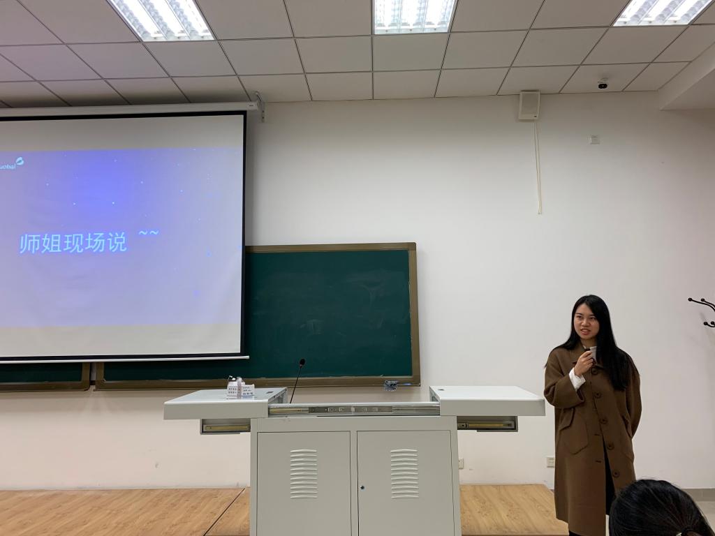 宣讲会伊始,王世辉所长对朗华制药有限公司及其下设子公司做了详细介绍,从“我们是谁”、“为什么选择我们”、“我们需要什么样的人才”三个角度介绍了企业的规模、环境、产品、主营业务、福利待遇及应聘要求。随后,现就职于朗华制药宁波诺柏医药的今年会jinnianhui官网2020届研究生王楚校友为到场同学们介绍了这几个月以来工作的感受和感悟。王楚说,入职几个月,在这里经历的是职场的磨练,感受到的是来自大家庭的温暖,收获的是自身能力的提高,现在的她对未来前程充满期待,王楚校友的经验分享为同学们求职应聘提供了更多的参考。
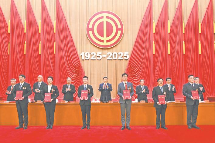 人民大会堂大礼堂气氛隆重热烈。主席台上方悬挂着“庆祝中华全国总工会成立100周年暨全国劳动模范和先进工作者表彰大会”会标,后幕正中悬挂中国工会会徽,会徽下方是“1925-2025”字标,10面红旗分列两侧。二楼眺台悬挂着标语:“以习近平新时代中国特色社会主义思想为指导,坚定不移听党话跟党走,在以中国式现代化全面推进强国建设、民族复兴伟业中充分发挥工人阶级主力军作用和工会桥梁纽带作用!”
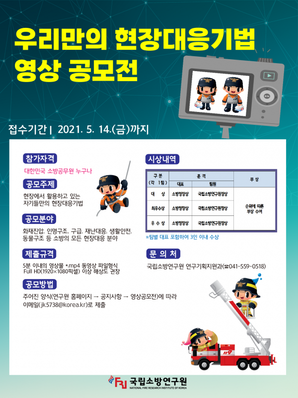 대한민국 소방공무원이면 누구나 참여할 수 있고 출품작은 5분 이내의 동영상으로 표현되어야 하며 5월 14일까지 전자우편으로 국립소방연구원에 제출하면 된다.
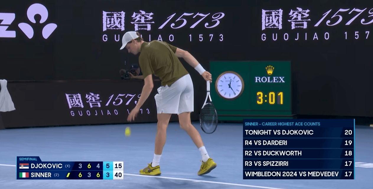 辛纳在第4盘第9局发出两个ACE球,整场比赛ACE球数来到21个,创造了个人职业生涯单场大满贯ACE球数量。
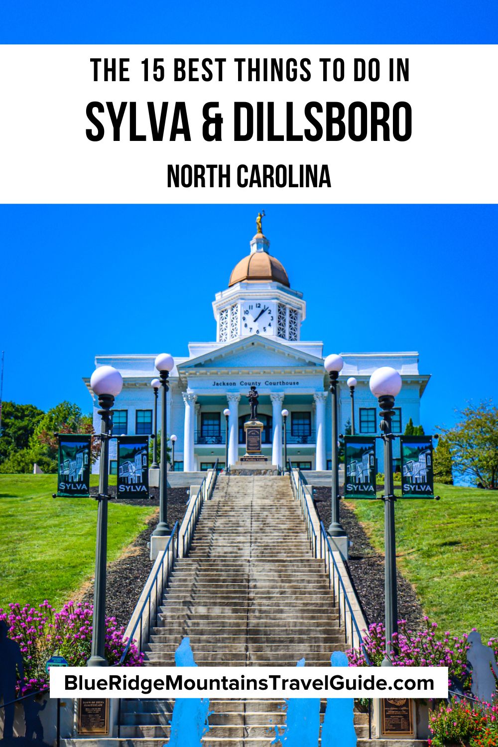If you drive through the town of Sylva, you can’t miss the Historic Jackson County Courthouse, which stands high on a hill overlooking the downtown business district.
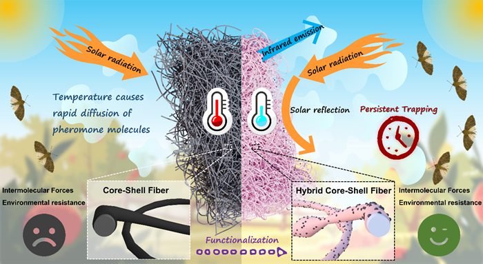 近日,中国农业科学院植物保护研究所农药分子靶标与绿色农药创制创新团队开发出一种纳米纤维薄膜,兼具温度调节和缓释功能,可有效延长昆虫性信息素在高温下的有效期。相关研究成果发表在《先进功能材料(Advanced Functional Materials)》上。
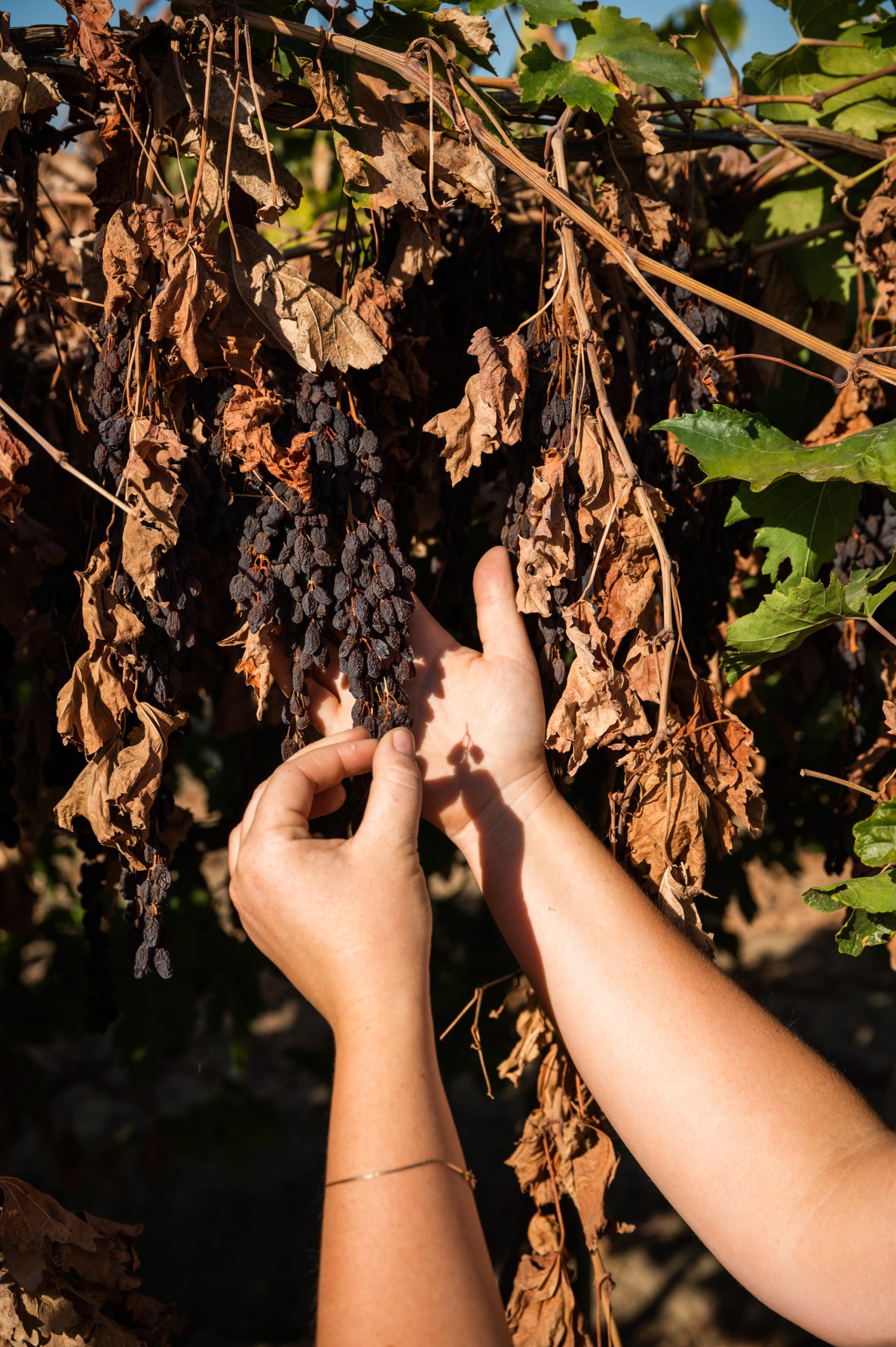 Growers throughout the Central Valley specialize in vine-dried raisins. While all raisins are sun-dried grapes, traditional raisins are harvested and then laid on paper trays between the rows to dry. Vine-dried raisins remain on the vine to dry naturally, making them a more sustainable option. Drying on the vine reduces labor, paper usage and post-process production. DOV raisins also boast a higher yield – double the tonnage per acre while using the same amount of water.

• THE PROBLEM: Return the lines exactly as they stand, from the start of the entries through the line holding "If you drive"; omit the pictures.

• RESULT OF THE TASK:
 宣讲会伊始,王世辉所长对朗华制药有限公司及其下设子公司做了详细介绍,从“我们是谁”、“为什么选择我们”、“我们需要什么样的人才”三个角度介绍了企业的规模、环境、产品、主营业务、福利待遇及应聘要求。随后,现就职于朗华制药宁波诺柏医药的今年会jinnianhui官网2020届研究生王楚校友为到场同学们介绍了这几个月以来工作的感受和感悟。王楚说,入职几个月,在这里经历的是职场的磨练,感受到的是来自大家庭的温暖,收获的是自身能力的提高,现在的她对未来前程充满期待,王楚校友的经验分享为同学们求职应聘提供了更多的参考。
 人民大会堂大礼堂气氛隆重热烈。主席台上方悬挂着“庆祝中华全国总工会成立100周年暨全国劳动模范和先进工作者表彰大会”会标,后幕正中悬挂中国工会会徽,会徽下方是“1925-2025”字标,10面红旗分列两侧。二楼眺台悬挂着标语:“以习近平新时代中国特色社会主义思想为指导,坚定不移听党话跟党走,在以中国式现代化全面推进强国建设、民族复兴伟业中充分发挥工人阶级主力军作用和工会桥梁纽带作用!”
 대한민국 소방공무원이면 누구나 참여할 수 있고 출품작은 5분 이내의 동영상으로 표현되어야 하며 5월 14일까지 전자우편으로 국립소방연구원에 제출하면 된다.
 辛纳在第4盘第9局发出两个ACE球,整场比赛ACE球数来到21个,创造了个人职业生涯单场大满贯ACE球数量。
If you drive through the town of Sylva, you can’t miss the Historic Jackson County Courthouse, which stands high on a hill overlooking the downtown business district.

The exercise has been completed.